> Data shown:

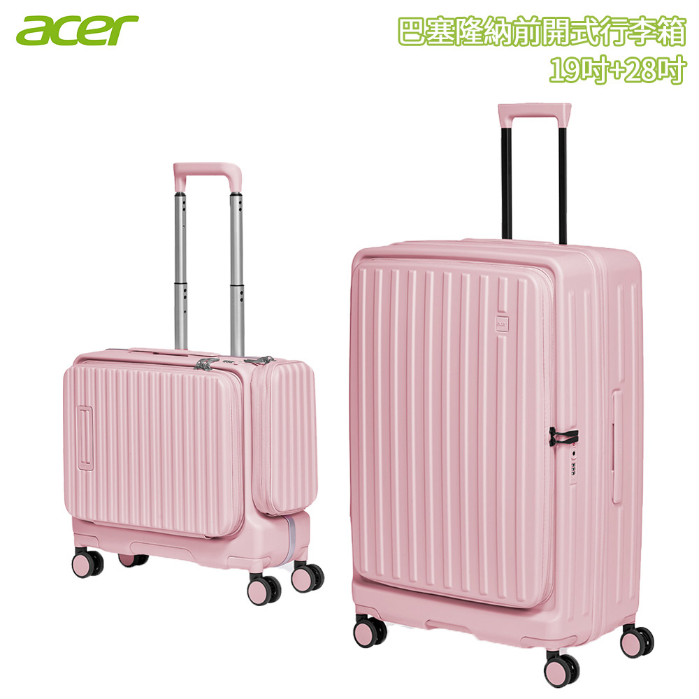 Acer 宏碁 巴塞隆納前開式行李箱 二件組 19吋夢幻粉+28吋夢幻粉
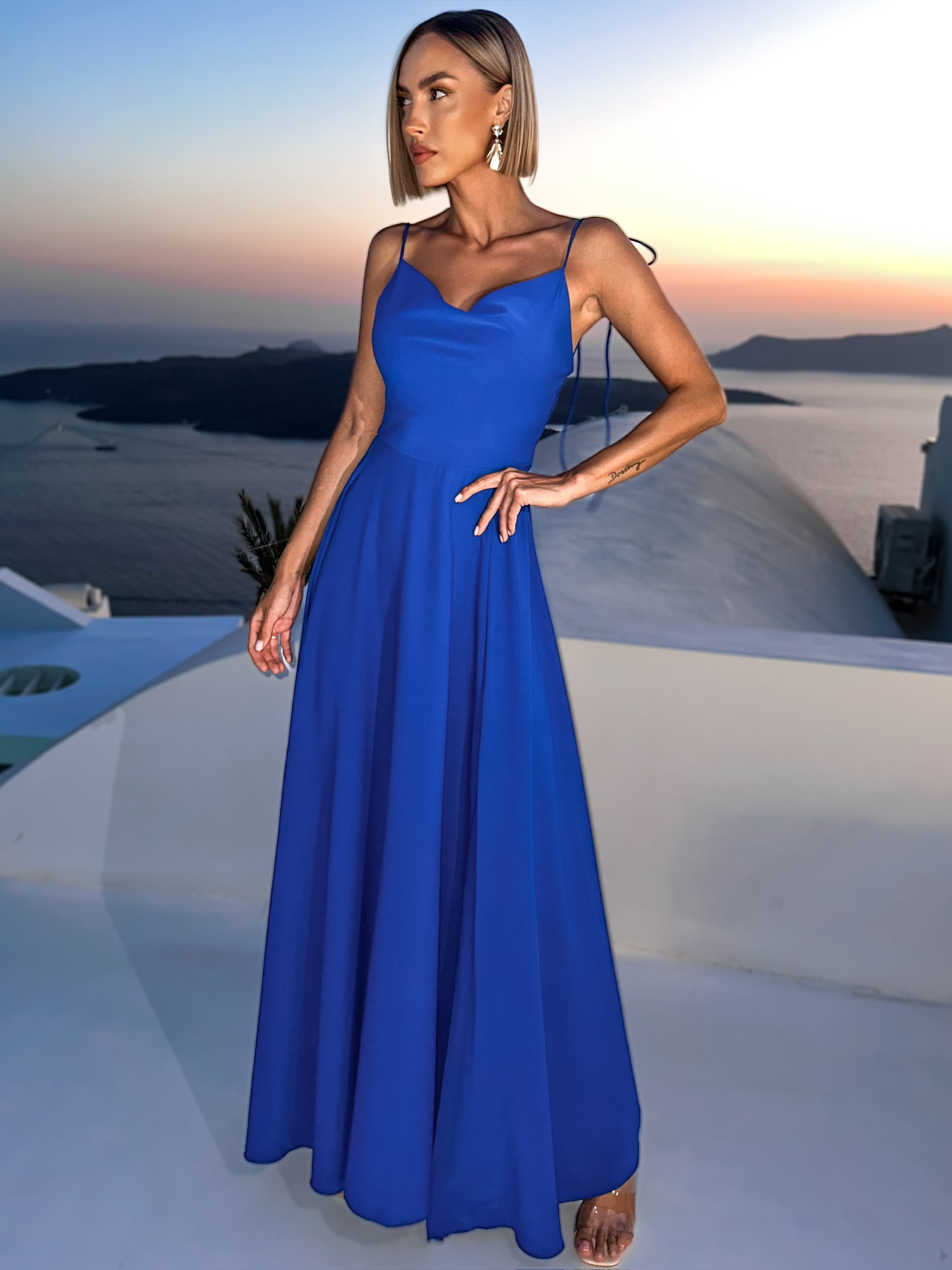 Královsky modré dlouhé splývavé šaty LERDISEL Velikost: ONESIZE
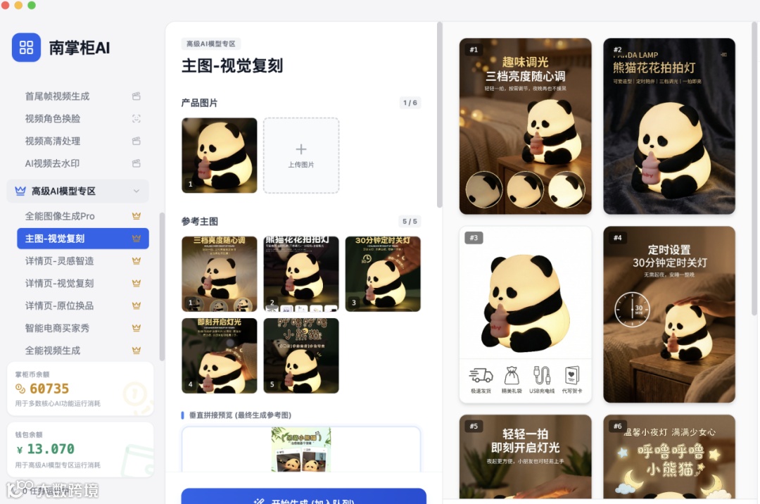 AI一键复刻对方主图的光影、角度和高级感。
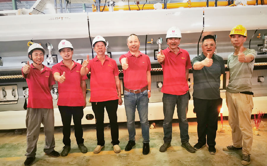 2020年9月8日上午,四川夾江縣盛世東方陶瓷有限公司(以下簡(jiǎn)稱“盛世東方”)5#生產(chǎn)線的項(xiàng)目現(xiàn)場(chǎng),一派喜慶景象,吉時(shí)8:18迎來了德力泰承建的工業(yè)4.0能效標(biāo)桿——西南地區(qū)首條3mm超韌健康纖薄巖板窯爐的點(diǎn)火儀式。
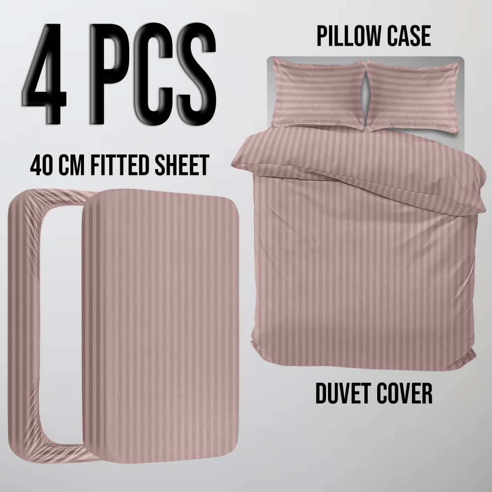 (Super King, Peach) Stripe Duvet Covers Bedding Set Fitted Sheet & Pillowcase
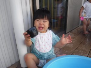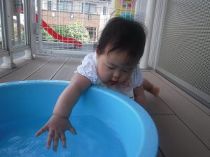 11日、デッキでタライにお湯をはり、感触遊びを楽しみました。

> Instructions to follow:
Leaving out all pictures, retype exactly the lines that run from the one containing "(Super King, Peach)" through the last line of the material.

> Exercise output:
 (Super King, Peach) Stripe Duvet Covers Bedding Set Fitted Sheet & Pillowcase
 11日、デッキでタライにお湯をはり、感触遊びを楽しみました。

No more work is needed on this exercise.